Manchin’s liberal critics sometimes imagine that they know more about winning a West Virginia election than he does — and that he could keep winning even if behaved like most Democrats. As Ruy Teixeira, another political scientist, wrote, “If only he was not the actually-existing Joe Manchin from the actually-existing conservative state of West Virginia but instead some other Joe Manchin from some other, much more liberal, West Virginia!”
It’s true that Manchin has helped defeat some Democratic priorities over the past two years. He doomed the extension of an expanded child tax credit that would have reduced child poverty. He refused to abandon the filibuster to pass changes to voting rights (although he wasn’t the only Senate Democrat opposed to doing so). He helped block two highly qualified Biden nominees, Sarah Bloom Raskin as a top Federal Reserve official and Neera Tanden as the budget director. But these Democratic disappointments were not shocking. Manchin has survived by being a loyal Democrat on some issues — like health care, labor issues, taxes on the wealthy and, for the most part, climate policy — and defying the party in high-profile ways on other issues. His criticisms of Biden’s proposals over the past year increased his approval rating in West Virginia, polls showed.

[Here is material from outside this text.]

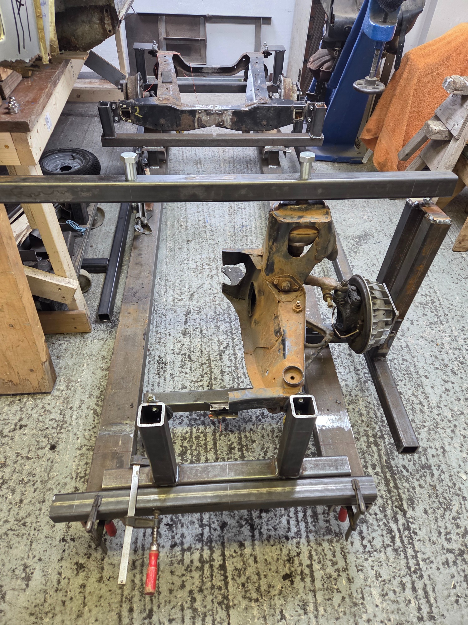 Front drivers side suspension mounted on chassis jig

“It should be possible for Democrats to hold two thoughts at once about the West Virginia politician,” as Noel explained in The Washington Post. First, Manchin is more conservative than most Democrats and sometimes damages the party’s agenda. Second, he nonetheless may be the most valuable Democrat in Washington today. (If you believe Biden was the only plausible 2020 nominee who would have beaten Trump, then perhaps Manchin is in second place.)
Did the critics help?
With all this said, I understand some of the intensity of the liberal criticism in recent months. Had Manchin blocked the climate bill, as he seemed on the verge of doing, it would have represented a bigger break with his party than anything he had done before. It would have come on an issue of signature importance to the country and the world.

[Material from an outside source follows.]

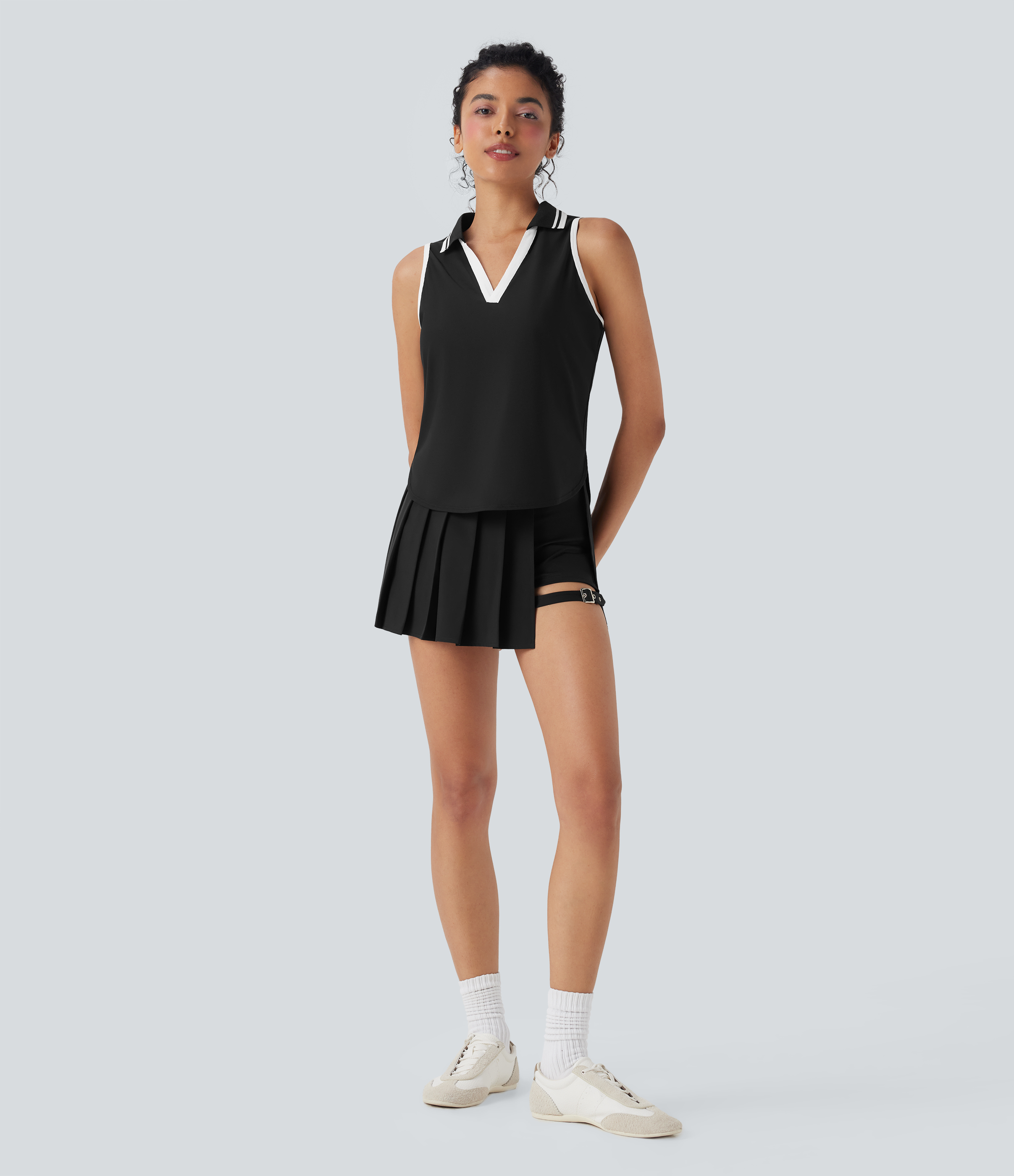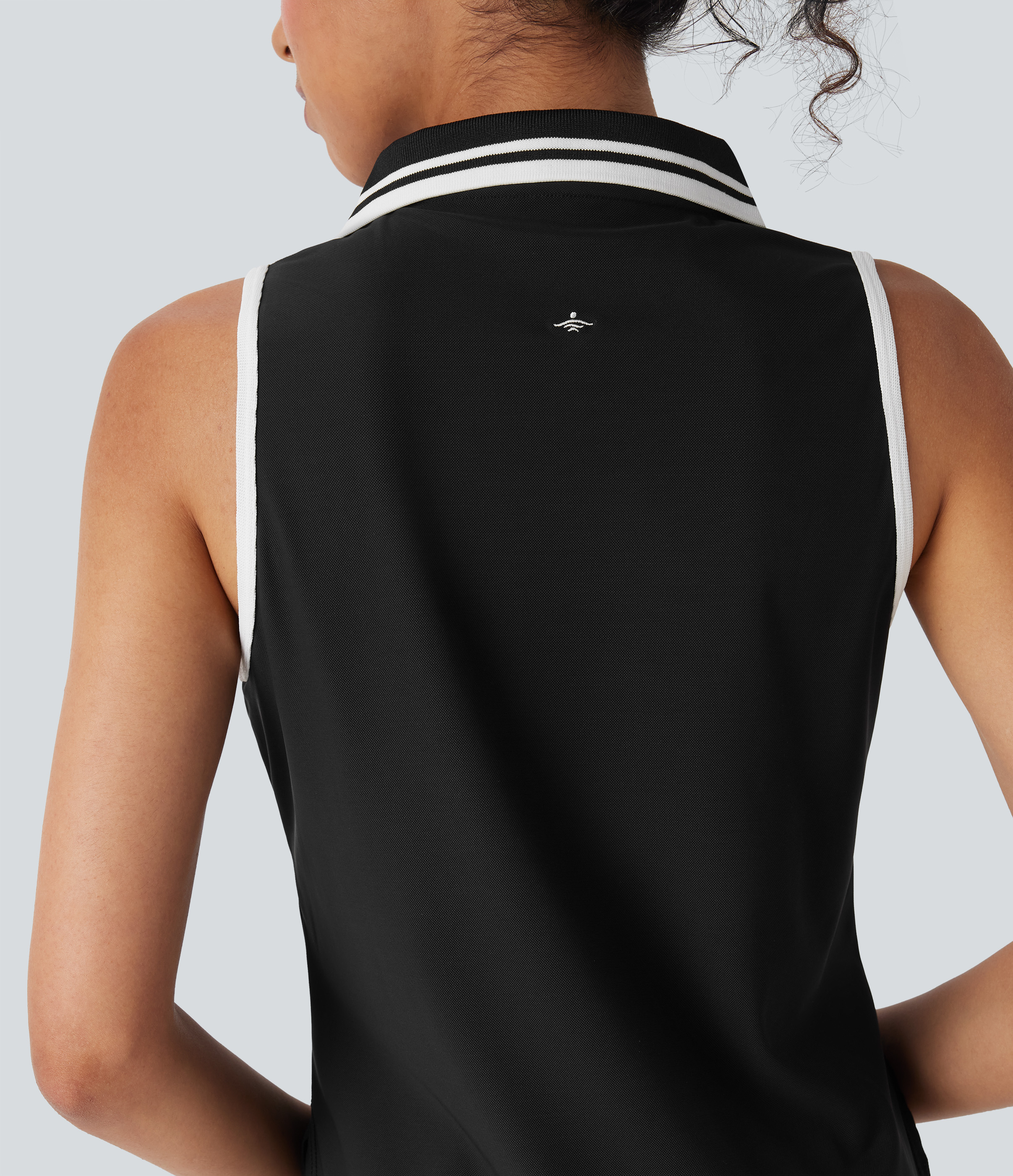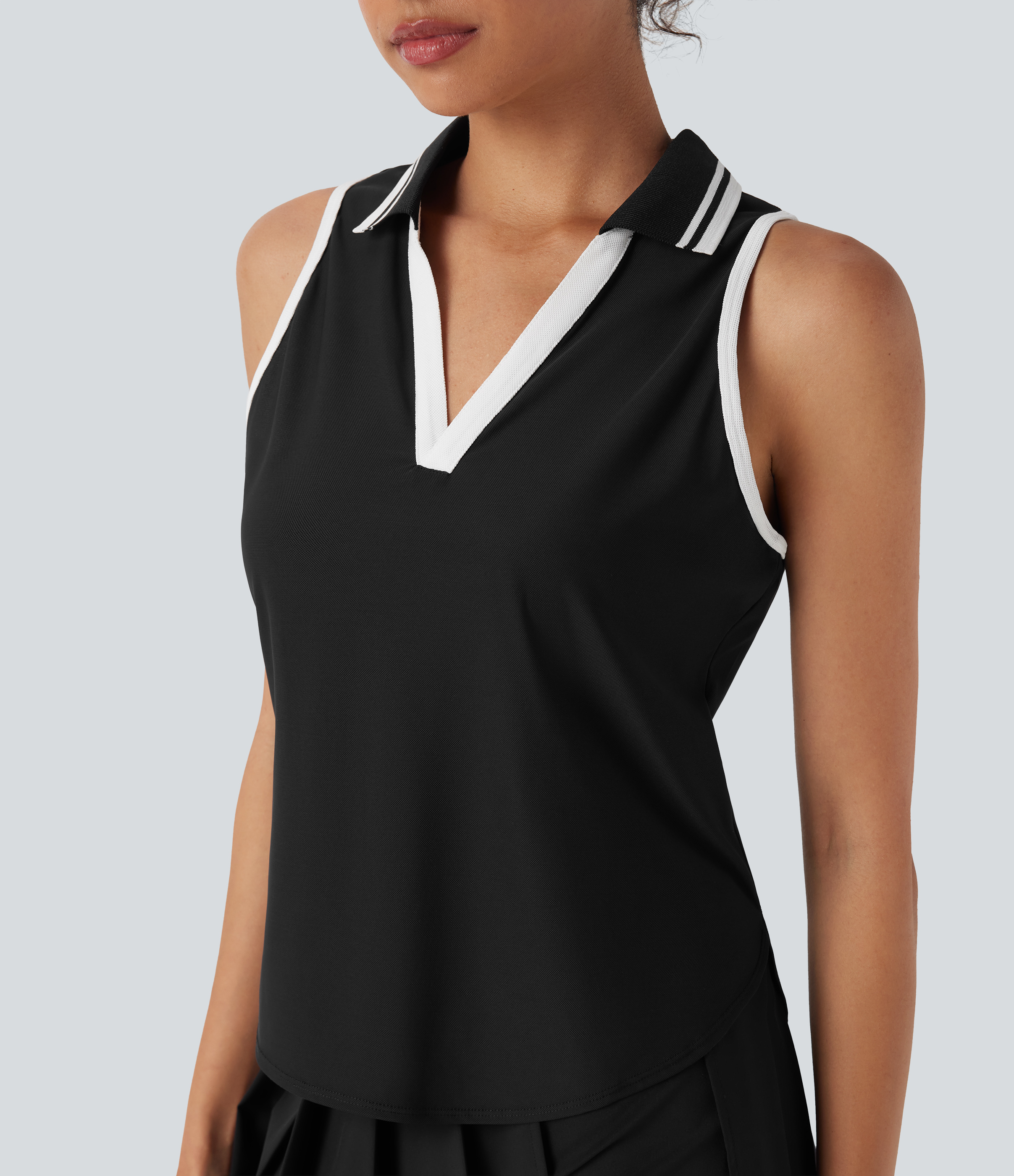 Color Block Polo V Neck Sleeveless Quick Dry Casual Top-UPF50+

The obvious question is whether the criticism itself helped changed Manchin’s mind. I think that many of the harshest attacks probably didn’t matter: After all, he has heard similar criticism about his positions on the filibuster and voting rights, and he hasn’t budged. But the specific argument that he alone could be responsible for climate damage may have helped sway him. That, at least, is the impression of many observers on Capitol Hill.

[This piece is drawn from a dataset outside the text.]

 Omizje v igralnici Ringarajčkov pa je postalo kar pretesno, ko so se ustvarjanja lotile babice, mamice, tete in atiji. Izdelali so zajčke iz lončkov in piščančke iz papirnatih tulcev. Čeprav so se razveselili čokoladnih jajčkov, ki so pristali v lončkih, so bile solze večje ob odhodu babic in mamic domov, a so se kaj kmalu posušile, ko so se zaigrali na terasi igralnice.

“He always signaled he was open to going big on climate,” Representative Ro Khanna, a progressive California Democrat, told SFGate this week. And Carl Hulse, The Times’s chief Washington correspondent, told me: “Manchin did not want to be the man Democrats blamed for single-handedly letting the planet go up in flames. He was the one returning to Chuck Schumer looking to make a deal after the onslaught of criticism.”